TASK INSTRUCTIONS - Take the line that contains "La machine à" as the start and the last line of the entries as the end, and print both and everything between them exactly, without the pictures.
================
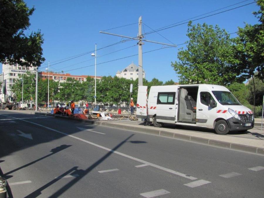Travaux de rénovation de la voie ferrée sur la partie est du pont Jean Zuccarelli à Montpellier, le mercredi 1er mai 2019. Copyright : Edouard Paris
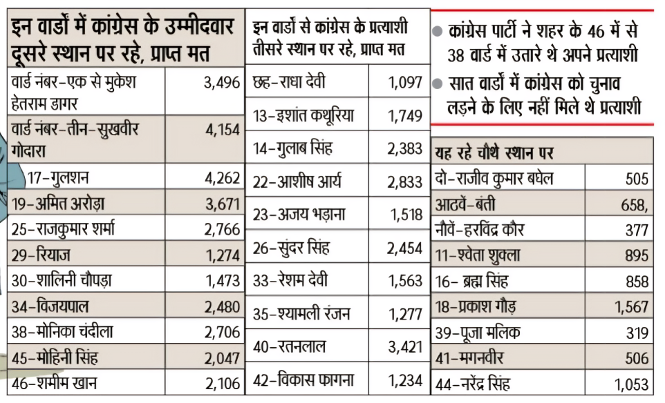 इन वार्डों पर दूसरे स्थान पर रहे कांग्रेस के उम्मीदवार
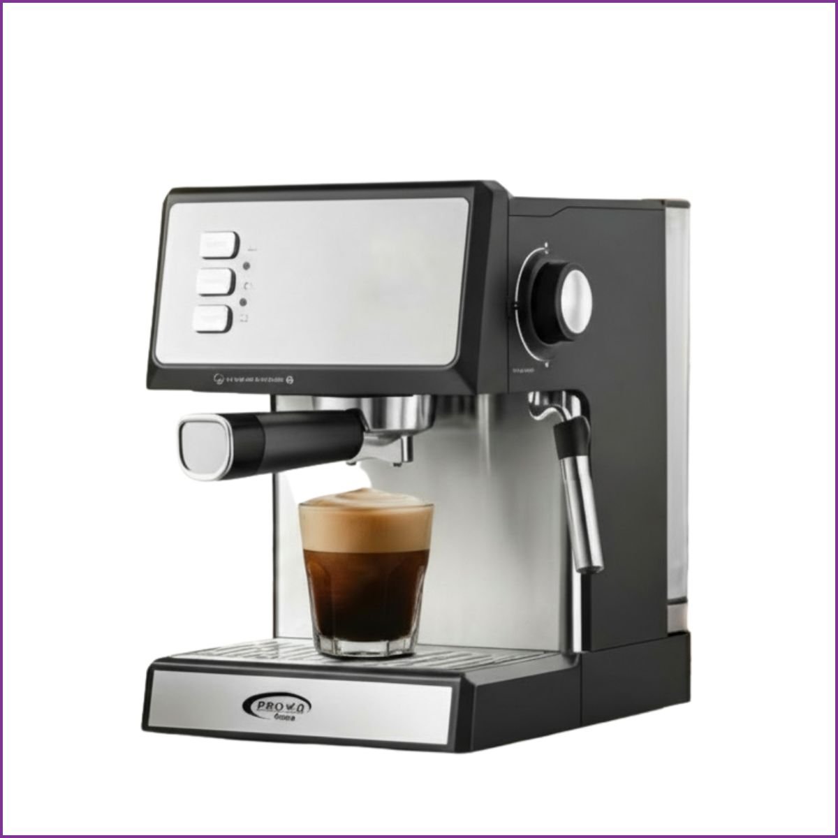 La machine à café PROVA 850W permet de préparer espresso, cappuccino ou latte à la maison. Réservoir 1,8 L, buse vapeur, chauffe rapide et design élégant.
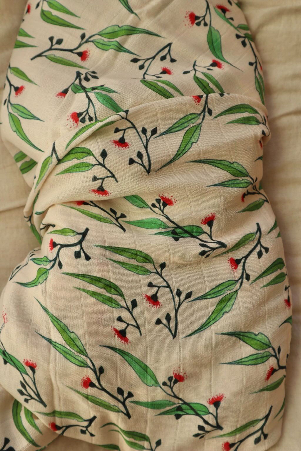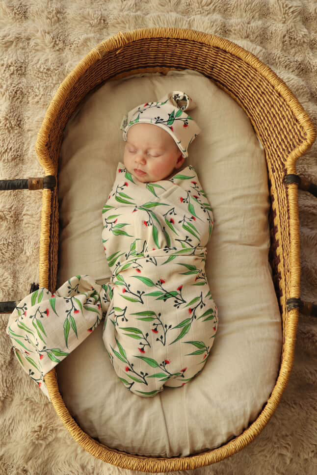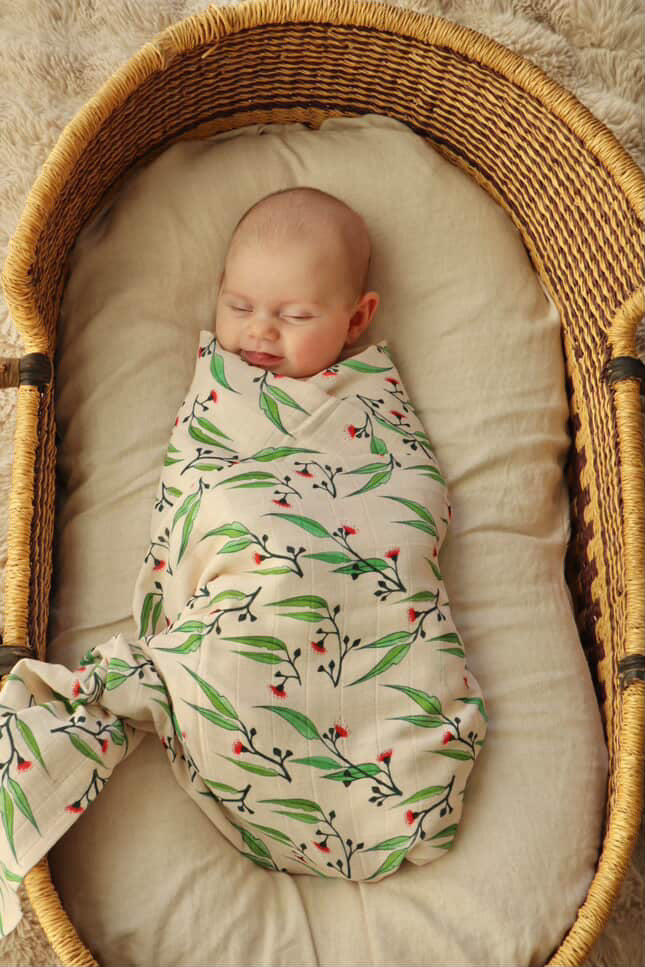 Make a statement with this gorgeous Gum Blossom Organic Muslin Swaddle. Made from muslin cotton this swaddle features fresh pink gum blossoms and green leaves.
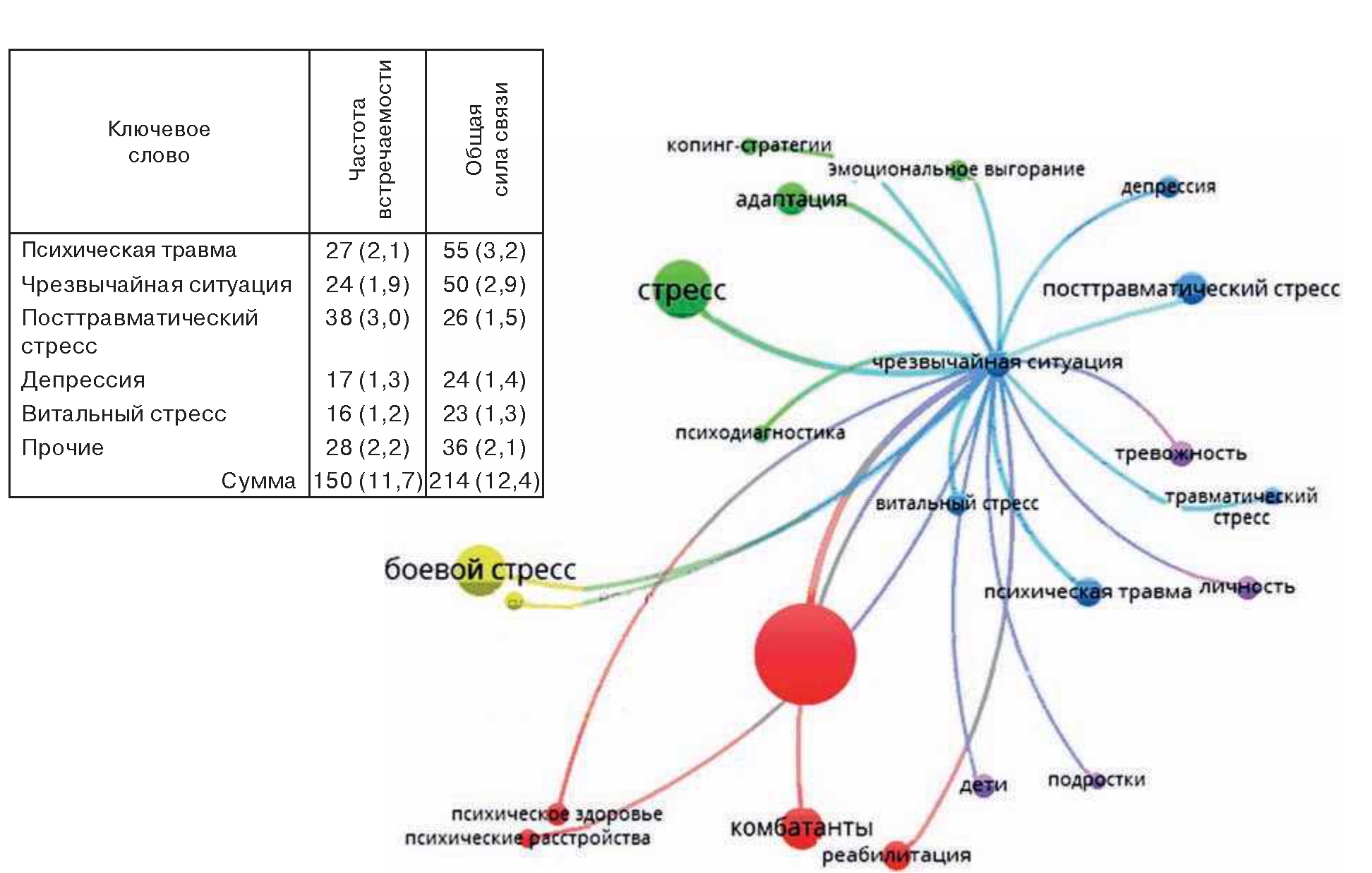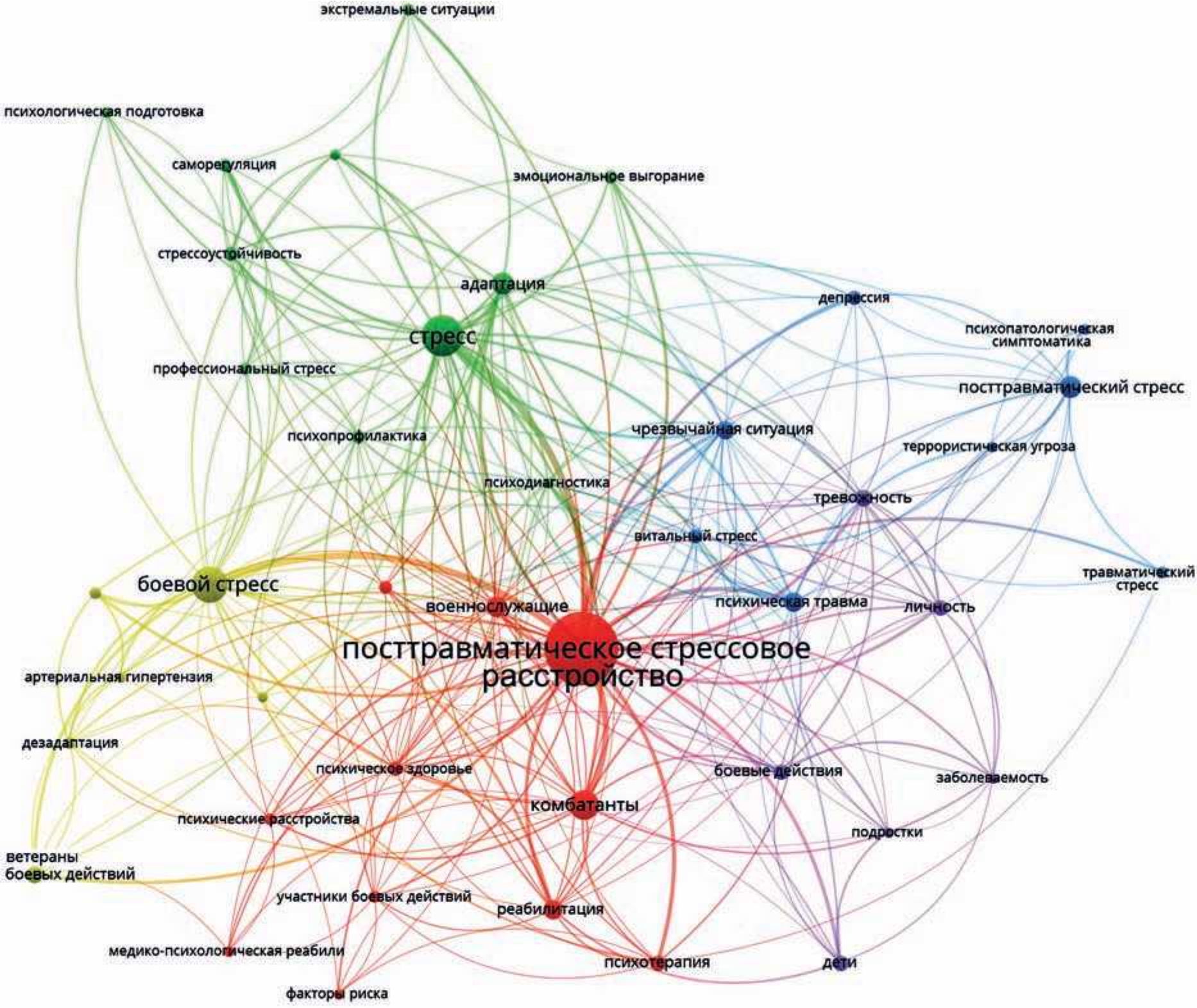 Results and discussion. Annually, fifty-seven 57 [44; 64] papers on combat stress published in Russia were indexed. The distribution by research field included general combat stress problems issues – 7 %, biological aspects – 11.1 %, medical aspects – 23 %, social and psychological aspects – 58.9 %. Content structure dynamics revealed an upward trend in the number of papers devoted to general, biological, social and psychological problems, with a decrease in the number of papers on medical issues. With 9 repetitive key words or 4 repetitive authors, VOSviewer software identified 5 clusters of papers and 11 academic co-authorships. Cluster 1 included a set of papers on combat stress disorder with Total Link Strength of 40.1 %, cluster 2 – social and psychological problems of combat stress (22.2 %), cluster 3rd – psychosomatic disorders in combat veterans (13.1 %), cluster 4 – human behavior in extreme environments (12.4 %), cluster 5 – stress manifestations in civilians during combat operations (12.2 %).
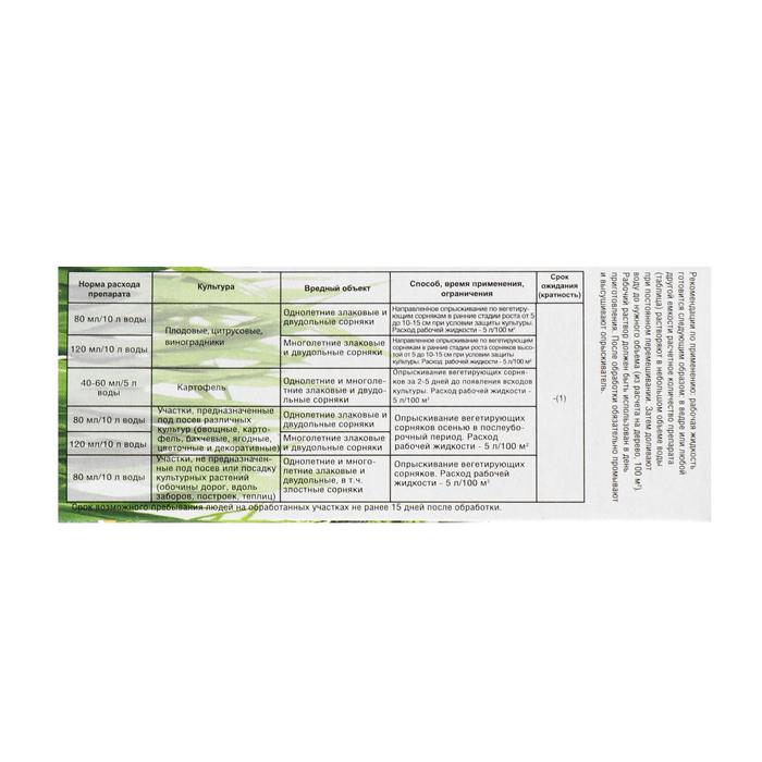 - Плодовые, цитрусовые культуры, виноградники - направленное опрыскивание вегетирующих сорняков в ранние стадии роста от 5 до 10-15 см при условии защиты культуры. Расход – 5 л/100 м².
================
RESULT -
 La machine à café PROVA 850W permet de préparer espresso, cappuccino ou latte à la maison. Réservoir 1,8 L, buse vapeur, chauffe rapide et design élégant.
 Make a statement with this gorgeous Gum Blossom Organic Muslin Swaddle. Made from muslin cotton this swaddle features fresh pink gum blossoms and green leaves.
 Results and discussion. Annually, fifty-seven 57 [44; 64] papers on combat stress published in Russia were indexed. The distribution by research field included general combat stress problems issues – 7 %, biological aspects – 11.1 %, medical aspects – 23 %, social and psychological aspects – 58.9 %. Content structure dynamics revealed an upward trend in the number of papers devoted to general, biological, social and psychological problems, with a decrease in the number of papers on medical issues. With 9 repetitive key words or 4 repetitive authors, VOSviewer software identified 5 clusters of papers and 11 academic co-authorships. Cluster 1 included a set of papers on combat stress disorder with Total Link Strength of 40.1 %, cluster 2 – social and psychological problems of combat stress (22.2 %), cluster 3rd – psychosomatic disorders in combat veterans (13.1 %), cluster 4 – human behavior in extreme environments (12.4 %), cluster 5 – stress manifestations in civilians during combat operations (12.2 %).
 - Плодовые, цитрусовые культуры, виноградники - направленное опрыскивание вегетирующих сорняков в ранние стадии роста от 5 до 10-15 см при условии защиты культуры. Расход – 5 л/100 м².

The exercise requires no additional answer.